When you use FC to perform operations such as resource deployment, you may need to check the online logs. FC allows you to run the s logs command to query the logs of a resource.

Command syntax:

s logs -s <starttime> -e <endtime> --region <regionid>  --request-id <requestID> --service-name <serviceName> --function-name <functionName> --keyword <test> --tail boolean --type <failed>

Parameters:

  • -e or --end-time string: the end of the time range to query.
  • --function-name string: the name of the function whose logs you want to query.
  • --keyword string: the keyword used to filter logs.
  • --region string: the ID of the region where the function resides.
  • --request-id string: the ID of the request the logs for which you want to query.
  • --service-name string: the name of the service that contains the function.
  • -e or --end-time string: the beginning of the time range to query.
  • --tail boolean: specifies whether to continuously return logs.
  • --type string: the type of the logs that you want to query.

Example: Run the following command in the specified directory to query the logs of a resource:

s logs -r requestId
Note: You cannot use a request ID to query the logs of a function in the following cases:
  • A single instance that concurrently processes multiple requests is used for the function.
  • The runtime environment of the function is a custom runtime or a custom container.

You may want to query specific metrics of a deployed function, such as the number of invocations, number of successful executions, and number of failed executions. FC allows you to run the s metrics command to query the metrics of a function.

Command syntax:

s metrics --region <regionid>  --service-name <serviceName> --function-name <functionName>

Parameters:

  • --function-name string: the name of the function whose metrics you want to query.
  • --region string: the ID of the region where the function resides.
  • --service-name string: the name of the service that contains the function.

Example: Run the following command in the project directory to query the metrics of a function:

s metrics --service-name serviceName --function-name functionName

After you run the preceding command, a URL is returned. Open the URL in a browser to view the metrics of the specified function.

FC allows you to run the s nas command to mount Apsara File Storage NAS files. s nas contains three subcommands: s nas download, s nas upload, and s nas command.

  • s nas download: Download existing NAS resources to your on-premises machine.

    Command syntax:

    s nas download --r -n 

    Parameters:

    • -r or --recursive: specifies to overwrite the content of the folder.
    • -n or --no-clobber: specifies not to overwrite existing files.

    Example: Run the following command in the project directory to download the resources in the mnt/auto/folder/ directory in NAS to your on-premises machine:

    s exec -- nas download -r -n nas:///mnt/auto/folder/. ./folder

  • s nas upload: Upload on-premises resources to a specified NAS directory.

    Command syntax:

    s nas upload --r -n 

    Parameters:

    • -r or --recursive: specifies to overwrite the content of the folder.
    • -n or --no-clobber: specifies not to overwrite existing files.

    Example: Run the following command in the project directory to upload on-premises resources to the mnt/auto/folder/ directory in NAS:

    s exec -- nas upload -r -n ./event-code nas:///mnt/auto1/folder

  • s nas command: Run a specific command in the instance to manage NAS files.

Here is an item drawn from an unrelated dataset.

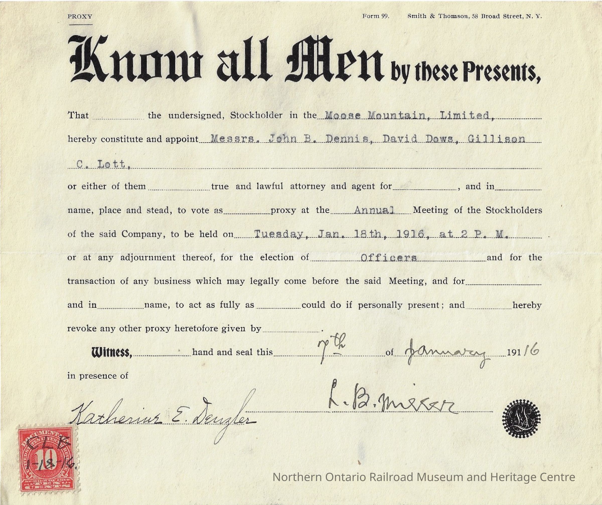 Proxy Form, for Annual Meeting of the Stockholders, Moose Mountain Limited, 1916. Shareholder L.B. Miller Witness Katherine E. Denzler. Form 99 Smith & Thomson, 58 Broad Street N.Y.Entry/Object ID
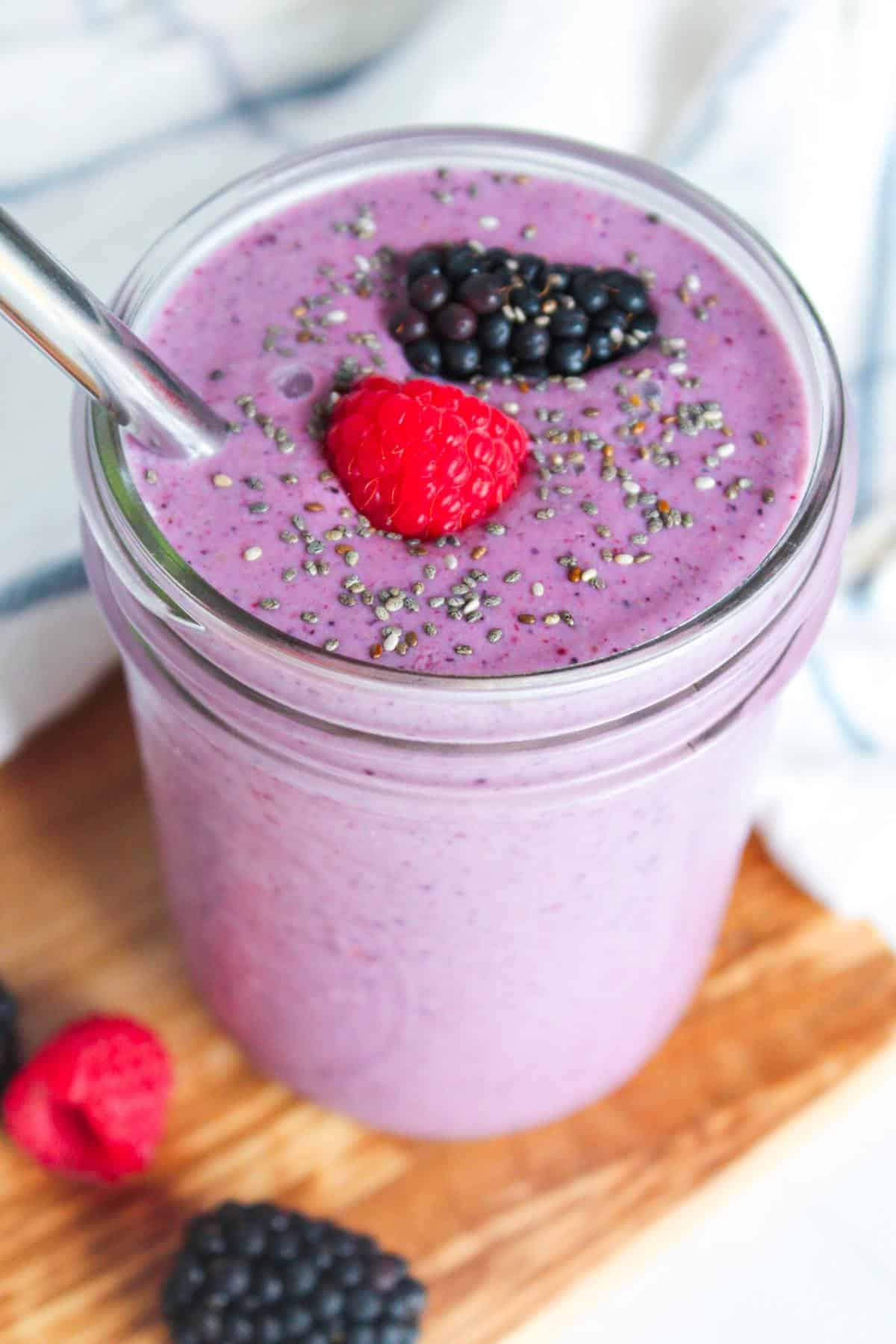 Making a smoothie is one of the easiest ways to increase your fiber intake. The fruit base here is mixed frozen berries with banana for texture, and the oats and chia seeds add a great blend of additional fiber and omega-3s. And, greek yogurt rounds us out here with protein.

    Example: Run the following command in the project directory to query the list of online NAS resources:

    s exec -- nas command ls -a nas:///mnt/auto1/folder

FC allows you to run the s version command to manage service versions. s version contains two subcommands: s version publish and s version list.

  • s version publish: Publish a service version.

    Command syntax:

    s version publish --region <regionid>  --service-name <serviceName> --description <description>

    Parameters:

    • --description string: the description of the version to be published.
    • --region string: the ID of the region where the service resides.
    • --service-name string: the name of the service for which you want to publish the version.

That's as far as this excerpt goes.